In recent years, the possibility of manufacturing high-performance and multi-purpose wound dressings with non-woven materials has been widely explored. Such materials include chitosan [8,9,10], alginate [11,12], and bacterial cellulose [13]. Due to the range of unique properties, agarose, a polysaccharide sourced from seaweed, has found uses in biomedical [14], cosmeceutical [15], and food applications [16]. One of the most useful properties of agarose is its capability to form physically crosslinked hydrogels that are biocompatible and inert [17]. Agarose hydrogels exhibit hysteresis in their phase behavior, that is, they are soluble at temperatures above 90 °C while they form a gel below 40 °C [18].

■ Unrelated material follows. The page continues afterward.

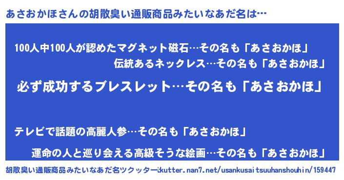 | 肩書あだ名 | 『あさおかほ社長』『あさおかほ助教授』 |

Blending can be used as a technique to manipulate hydrogel properties for various applications. Successful examples of this include hydrogel blends of agarose–methylcellulose for the control of the gelation time and temperature [19], agar-poly(vinyl alcohol) for control of the mechanical properties [20], and gelatine–hydroxyethyl cellulose for control over drug release rate [21].

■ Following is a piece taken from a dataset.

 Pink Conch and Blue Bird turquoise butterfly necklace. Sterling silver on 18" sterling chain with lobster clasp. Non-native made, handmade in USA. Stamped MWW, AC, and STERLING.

Agarose can be chemically modified through a controlled carboxylation of the polysaccharide backbone (Figure 1A) to obtain carboxylated agarose (CA) and gain precise control over the mechanical properties of the modified hydrogel by inducing a switch of the secondary structure from α-helical to β-sheet [22]. Blending native agarose (NA) with different amounts of CA, leads to gels with predictable shear moduli ranging from 0.1 to 100 kPa [23].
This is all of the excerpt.